Updated: August 21, 2012

INTRODUCTION

 

There's more to a successful software implementation than simply purchasing a solution. In fact, according to some research reports, more than 80 percent of deployment projects fail. That's a lot of time, money and technology down the drain. Fortunately, there are steps you can take to ensure software implementation success.

 

ANALYSIS

 

1. Think beyond IT. Your IT department may be all aflutter about your new purchase, but don't let IT go it alone. "It's a huge mistake to think that software deployments and implementations are IT projects," warned Jim Blankenheim, senior program director at Computer Sciences Corporation, a Virginia-based IT company specializing in consulting, systems integration and outsourcing. "Failure to get the business adequately involved is a huge pitfall." That's because every IT undertaking demands adequate sponsorship from senior-level managers willing to commit the necessary time and resources to a project. Without such support, warns Blankenheim, an implementation will likely fall through the cracks when new projects move to the top of the priority list.

2. Govern yourself accordingly. Governance is key to ensuring that a company understands — and is prepared for — the impact that introducing new software can have on business processes. After all, said Blankenheim, "It's rare that you'd put in a new software application that would have zero impact on the business processes." Preparing an inventory of processes and forecasting the effects of new software can help minimize the impact.

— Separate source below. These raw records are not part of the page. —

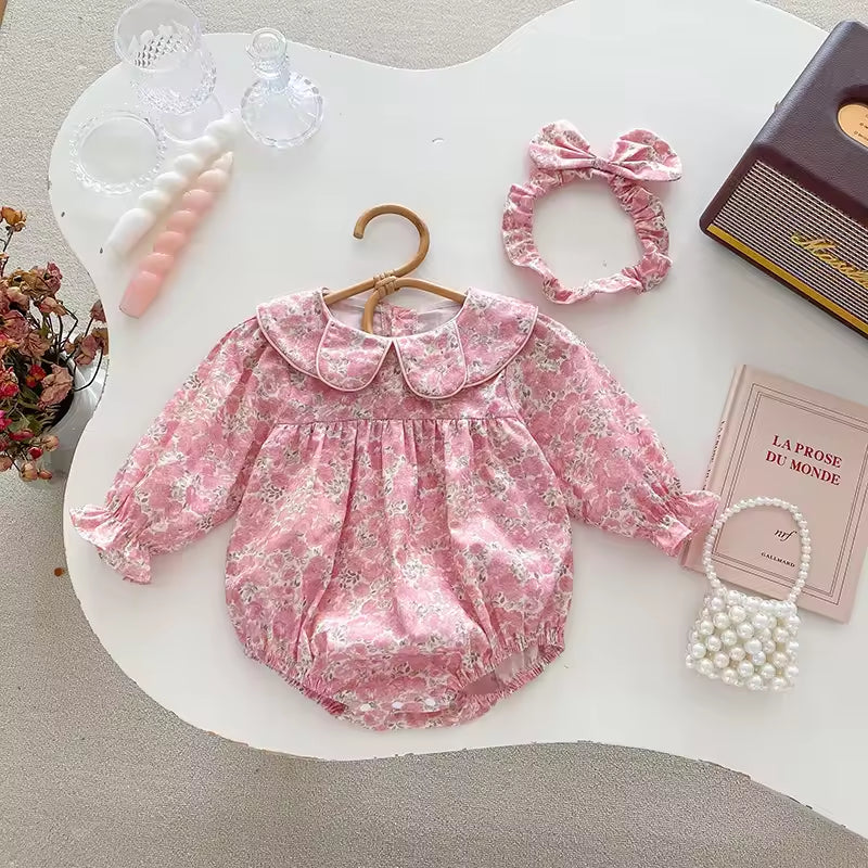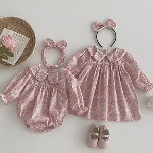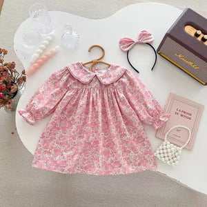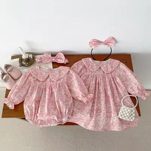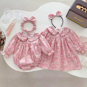 2025 Autumn Sweet Princess Dress for Baby Girls Long Sleeve Triangle Climbing Lace Floral Doll Collar Cute Sister Outfit
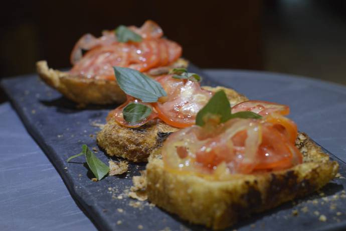 Fatias de pão caseiro, torradas no forno a lenha com tomate fresco, alho manjericão e azeite extra virgem.
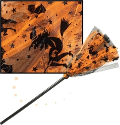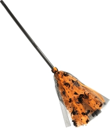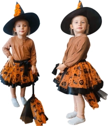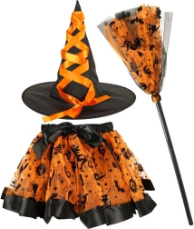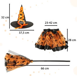 Todo lo que necesita una pequeña bruja: sombrero puntiagudo, falda tutú con volumen y una escoba con diseño a juego.
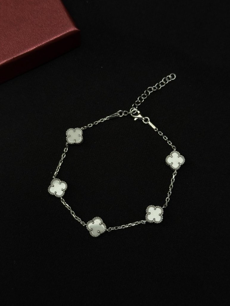 Şansın Işıltısı: Beyaz Yonca Taşlı Gümüş Bileklik
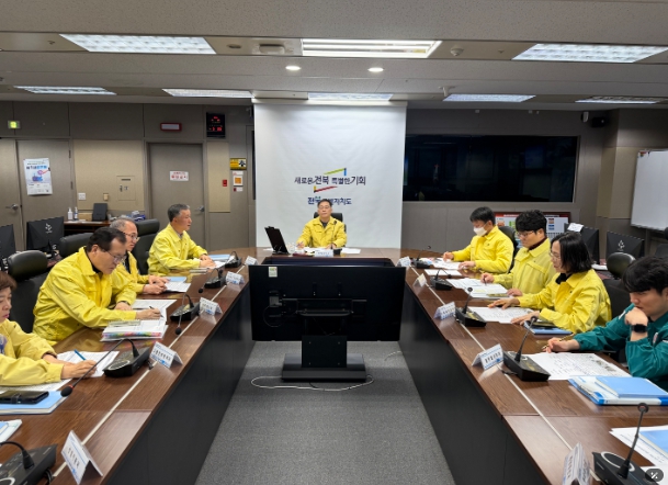 이날 회의에서는 도 관계부서와 14개 시군이 참여해 대설·한파·강풍 대책을 점검하고 대응 방안을 논의했다. 주요 대책으로는 △ 취약구간(교량, 터널, 고갯길, 경사로 등) 및 상습결빙구간 제설제 집중 살포 △ 습설대비 5대 취약분야(붕괴, 전도, 미끄러짐, 정체, 고립) 예찰 강화 및 안전조치 실시 △ 한파 취약계층 관리방안 △ 한파 쉼터 및 응급대피소 개방시간 확대 △ 임시주거시설 및 구호물품 비축 점검 △ 낙하우려 시설물(간판, 나무 등) 안전조치 실시 등이 논의됐다.

3. Prepare for change. There's a reason the IT department campaigned for that brand new ERP (enterprise resource planning) system or CRM solution. Now it's time to sell that reason to the masses. Employees need to know why a particular application was purchased, what type of ROI (return on investment) can be expected, and what's in it for them. "Change management is crucial," said Blankenheim. "It involves focusing the pain and ensuring a good deal of communication across the enterprise."

4. Driving adoption. One of the fastest ways to convince employees to embrace a new software system is through training . After all, when armed with the necessary knowledge and skills, an employee will be far more likely to put a solution to good use. What's more, Blankenheim said proper training "reduces stress by showing employees how the new system works and how it applies to doing your job. Otherwise, it's just like handing over the user's manual for your new car."

5. Anticipate tech headaches. A number of technical issues can arise when implementing a software solution. For example, when converting data from one order processing system to another, it's not uncommon for companies to discover "redundant and ambiguous information," said Blankenheim. Nevertheless, he said, "Fixing such problems is generally up to the business side of the company. IT can support them, but the business organization needs to sit down and say, ‘This is what it needs to be done.' "

6. Get help. Not every company has the time and internal skills needed to shepherd a successful software implementation from start to finish. "Often it's hard for a company to devote the kinds of resources it needs to deliver a complicated project. Bringing someone in from the outside can find that focus," said Blankenheim. But a consultant or systems integrator is more than simply a helping hand. Rather, Blankenheim said, a third-party provider can play the important role of both "common enemy [and] mediator. The third-party integrator becomes a key change agent," he explained. "We're hired to get the job done, and sometimes that involves breaking some eggs to make the omelet. There's always spirited discussions about what needs to get done and when."

 

RECOMMENDATIONS


Although some companies balk at the expense of bringing a third party on board, external assistance can expedite the implementation process, resulting in overall savings. "Once you get a project going, every delay is an additional cost and/or deferred benefit," said Blankenheim.